[jira] [Updated] (IGNITE-11974) infinite loop and 100% cpu in GridDhtPartitionsEvictor: Eviction in progress ...

Igor Kamyshnikov (JIRA) Wed, 10 Jul 2019 06:19:24 -0700


     [ 
https://issues.apache.org/jira/browse/IGNITE-11974?page=com.atlassian.jira.plugin.system.issuetabpanels:all-tabpanel
 ]


Igor Kamyshnikov updated IGNITE-11974:
--------------------------------------
    Description: 
Note: RCA was not done:

Sometimes ignite server nodes fall into infinite loop and consume 100% cpu:
{noformat}
"sys-#260008" #260285 prio=5 os_prio=0 tid=0x00007fabb020a800 nid=0x1e850 
runnable [0x00007fab26fef000]
   java.lang.Thread.State: RUNNABLE
        at 
java.util.concurrent.ConcurrentHashMap$Traverser.advance(ConcurrentHashMap.java:3339)
        at 
java.util.concurrent.ConcurrentHashMap$ValueIterator.next(ConcurrentHashMap.java:3439)
        at 
org.apache.ignite.internal.processors.cache.distributed.dht.GridDhtPartitionsEvictor$1.call(GridDhtPartitionsEvictor.java:84)
        at 
org.apache.ignite.internal.processors.cache.distributed.dht.GridDhtPartitionsEvictor$1.call(GridDhtPartitionsEvictor.java:73)
        at 
org.apache.ignite.internal.util.IgniteUtils.wrapThreadLoader(IgniteUtils.java:6695)
        at 
org.apache.ignite.internal.processors.closure.GridClosureProcessor$2.body(GridClosureProcessor.java:967)
        at 
org.apache.ignite.internal.util.worker.GridWorker.run(GridWorker.java:110)
        at 
java.util.concurrent.ThreadPoolExecutor.runWorker(ThreadPoolExecutor.java:1149)
        at 
java.util.concurrent.ThreadPoolExecutor$Worker.run(ThreadPoolExecutor.java:624)
        at java.lang.Thread.run(Thread.java:748)
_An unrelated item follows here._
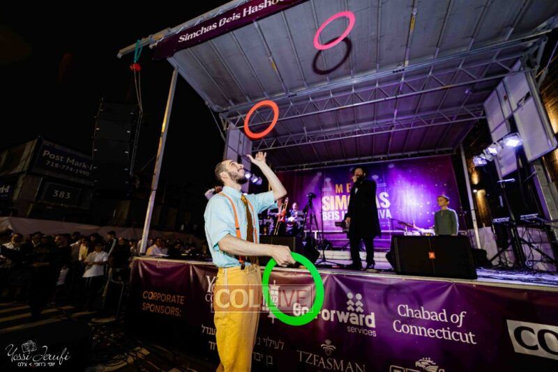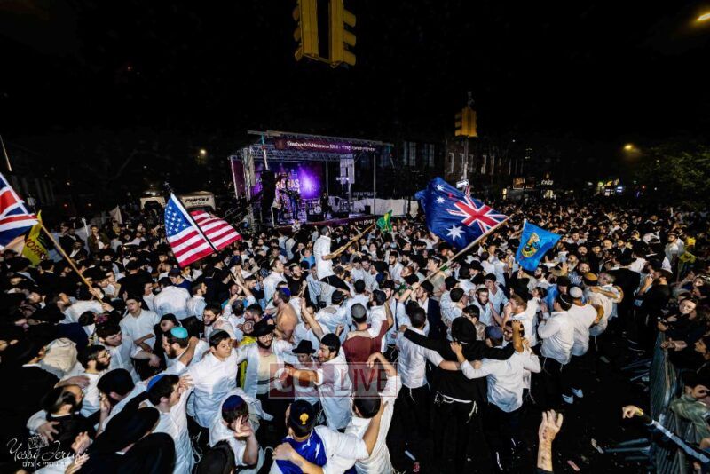 The yearly dancing was instituted by the Rebbe and has been led for decades by Rabbi Yisroel Shemtov, who has once again ensured a nightly celebration over Chol Hamoed, featuring the biggest stars in Jewish music.
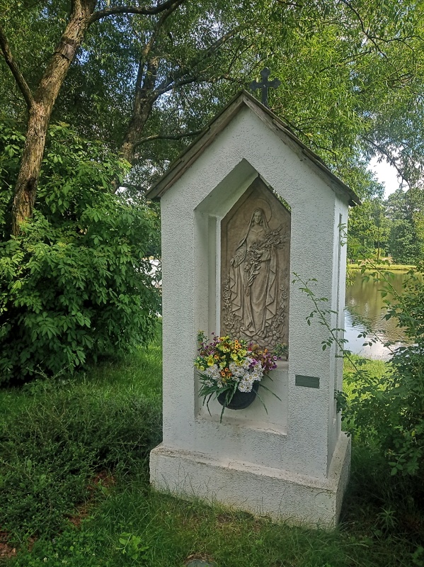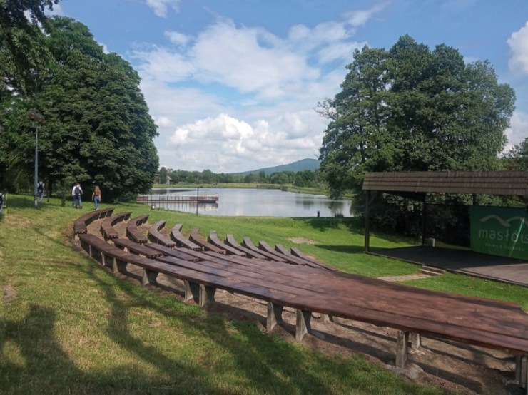 Nad stawem na wprost dworku umiejscowiono też zadaszoną scenę, a przed nią półkoliście ustawione ławki dla publiczności.

   Locked ownable synchronizers:
        - <0x0000000649b9cba0> (a 
java.util.concurrent.ThreadPoolExecutor$Worker)
{noformat}

the following appears in logs each 2 minutes:
{noformat}
#### INFO  2019-07-08 12:21:45.081 (1562581305081) [sys-#98168] 
[GridDhtPartitionsEvictor] > Eviction in progress 
[grp=CUSTPRODINVOICEDISCUSAGE, remainingCnt=102]
{noformat}

remainingCnt remains the same once it reached 102 (the very first line in the 
logs was with value equal to 101).

Some other facts:
we have a heapdump taken for *topVer = 900* . the problem appeared after 
*topVer = 790*, but it looks like it was silently waiting from *topVer = 641* 
(about 24 hours back).
There were 259 topology changes between 900 and 641.

All 102 GridDhtLocalPartitions can be found in the heapdump:
{noformat}
select * from 
"org.apache.ignite.internal.processors.cache.distributed.dht.GridDhtLocalPartition"
 t where delayedRenting = true
{noformat}

They all have status = 65537 , which means (according to 
org.apache.ignite.internal.processors.cache.distributed.dht.GridDhtLocalPartition#state):

reservations(65537) = 1
getPartState(65537) = OWNING

There are also 26968 instances of 
org.apache.ignite.internal.processors.cache.distributed.dht.GridDhtPartitionTopologyImpl$$Lambda$70,
 that are created by 
org.apache.ignite.internal.processors.cache.distributed.dht.GridDhtPartitionTopologyImpl#checkEvictions
 method.
26418 of 26968 refer to AtomicInteger instance with value = 102:
26418/102 = 259 = 900 - 641 (see topology info above).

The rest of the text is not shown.